The problem with the Scrabble dictionary is simple: it is full of words which have only been included in order to give Scrabble players words to play when they don't have any words to play. "grrl" (apparently the Scrabble diciontary lists it twice, once with two r's and once with three) is a perfect example. We can argue about its validity as a word in actual writing, but I have no doubt that the primary reason it got included in the Scrabble dictionary was to give players one more word they could use when they had no vowels.

Of particular annoyance to me is the list of (often dubious) two-letter words in the Scrabble dictionary. Words like "aa" (a kind of lava...not just any old lava, mind you, but a specific kind of lava) and "ai" (a specific kind of sloth), which are the vowel-equivalents of "grrl". Also particularly galling to me is "za". This is apparently slang for pizza. Not once in my life have I ever heard anyone refer to pizza as "za". I've heard it referred to as "cheesy goodness"; I've heard it referred to as "the breakfast of champions"; I've heard it deliberately mispronounced as "piz uh". But not once has anyone I know ever felt that the two syllables in "pizza" were so cumbersome to say that one of them needed to be jettisoned. I understand that there may be people in other parts of the country who use the word routinely, and if they want to use it when playing Quiddler, that's fine. But in this area, it's every bit as foreign a word as varveklis.* It should, in my opinion, be no more allowable than varveklis, particularly since the damn word is worth 16 points. If you're going to play a bullshit word that no one ever actually uses, at least have the decency to pick one that's worth five points or less.
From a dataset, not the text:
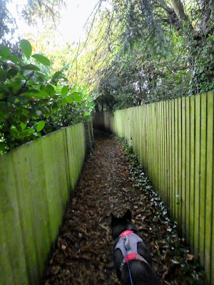 The SDW followed a tarmacked lane beside some houses, dropping slightly up to a point where the lane turned off right.

My fellow players, needless to say, disagree. They say that the only enforceable way to restrict what words can be used is to agree on a dictionary. They say I myself use words I would never say in conversation. I don't buy the second argument. (For the record, I own an mbira. I really do use the word.) But I will grudgingly concede the first. So I have agreed to go by the dictionary, even when they use the Scrabble dictionary with all of its ridiculous words.

It's not all bad. A few weeks ago I had the opportunity to use "za" myself. Twice. In the same hand. It propelled me into the lead.

After all, if you can't beat 'em...beat 'em, right?

* Lithuanian for "icicle", in case you're wondering.